*What to do*: Without the pictures, return each record as it appears.

[Source records]

Content starts

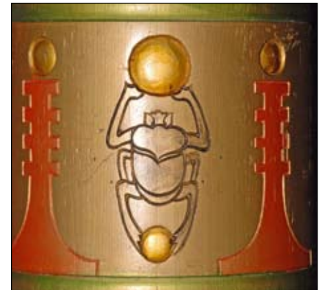
LOGESALEN II: Skarabeen dukker opp på flere steder i vår logesal.
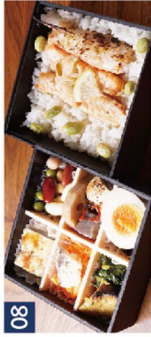
08 お豆の炊込みご飯ON陸ハラス焼き《装のお重》 ¥1,650(税込)
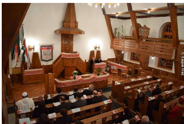
A doua zi - Biserica Reformată Rit
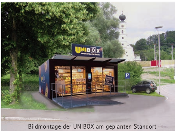
Bildmontage der UNIBOX am geplanten Standort

und Fahrräder von Kunden sind vorgesehen. Mittels Registrierung oder EC-Karte zugänglich,
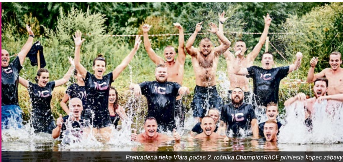
Prehradená rieka Vlára počas 2. ročníka ChampionRACE priniesla kopec zábavy
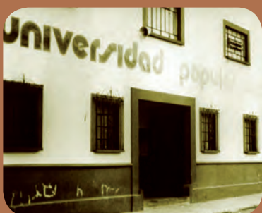
Adquisición de los edificios de la 9 poniente 1517 y de la 11 poniente 1308

En las primeras páginas del periódico El Universitario del 17 de enero de 1977, (número 00) se daba a conocer la puesta en marcha de la Maestría en Administración de Empresas. Y a la letra dice: “El pasado 10 de enero de 1977 dio comienzo el programa de maestría de Administración de Empresas, en nuestra universidad, que se realiza por semestres.
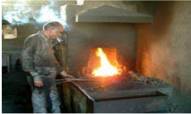
Fotoğraf 9:Geleneksel el sanatlarımızdan demircilik ve demir atölyesinden bir kesit

Binek hayvanlarının sırtına vurulan semer yapımı da Yalvaç'ta bir işkoludur. Ulaşımın elverişli olmadığı patika yollarda, sırtına semer vurduğu hayvanına binmek, heybesine koyduğu eşyayı götürmek, Yalvaç'ın kırsal kesim insanını son model arabaya binmekten daha mutlu eder. Ne yazık ki, bu sanatla uğraşanlar da gün geçtikçe azalmaktadır.
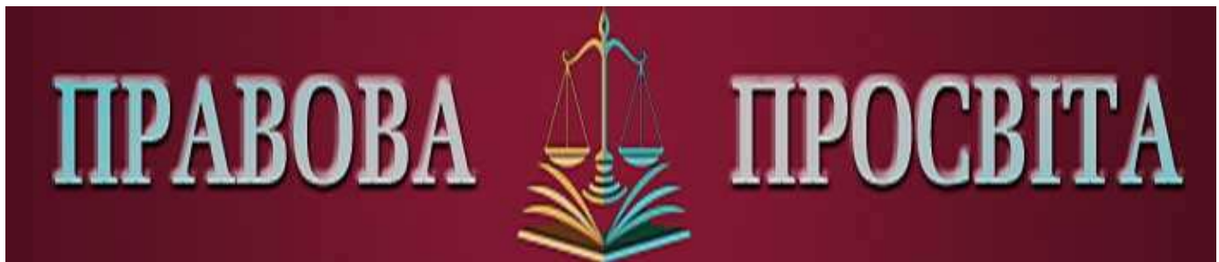
Електронне видання «Правова просвіта»
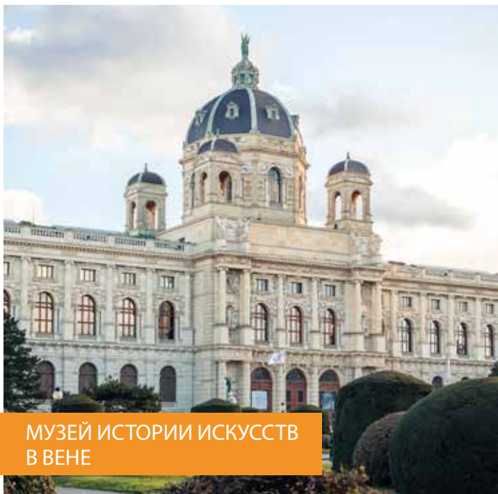
МУЗЕЙ ИСТОРИИ ИСКУССТВ В ВЕНЕ

Content ends

*Expected output*:
LOGESALEN II: Skarabeen dukker opp på flere steder i vår logesal.
08 お豆の炊込みご飯ON陸ハラス焼き《装のお重》 ¥1,650(税込)
A doua zi - Biserica Reformată Rit
Bildmontage der UNIBOX am geplanten Standort

und Fahrräder von Kunden sind vorgesehen. Mittels Registrierung oder EC-Karte zugänglich,
Prehradená rieka Vlára počas 2. ročníka ChampionRACE priniesla kopec zábavy
Adquisición de los edificios de la 9 poniente 1517 y de la 11 poniente 1308

En las primeras páginas del periódico El Universitario del 17 de enero de 1977, (número 00) se daba a conocer la puesta en marcha de la Maestría en Administración de Empresas. Y a la letra dice: “El pasado 10 de enero de 1977 dio comienzo el programa de maestría de Administración de Empresas, en nuestra universidad, que se realiza por semestres.
Fotoğraf 9:Geleneksel el sanatlarımızdan demircilik ve demir atölyesinden bir kesit

Binek hayvanlarının sırtına vurulan semer yapımı da Yalvaç'ta bir işkoludur. Ulaşımın elverişli olmadığı patika yollarda, sırtına semer vurduğu hayvanına binmek, heybesine koyduğu eşyayı götürmek, Yalvaç'ın kırsal kesim insanını son model arabaya binmekten daha mutlu eder. Ne yazık ki, bu sanatla uğraşanlar da gün geçtikçe azalmaktadır.
Електронне видання «Правова просвіта»
МУЗЕЙ ИСТОРИИ ИСКУССТВ В ВЕНЕ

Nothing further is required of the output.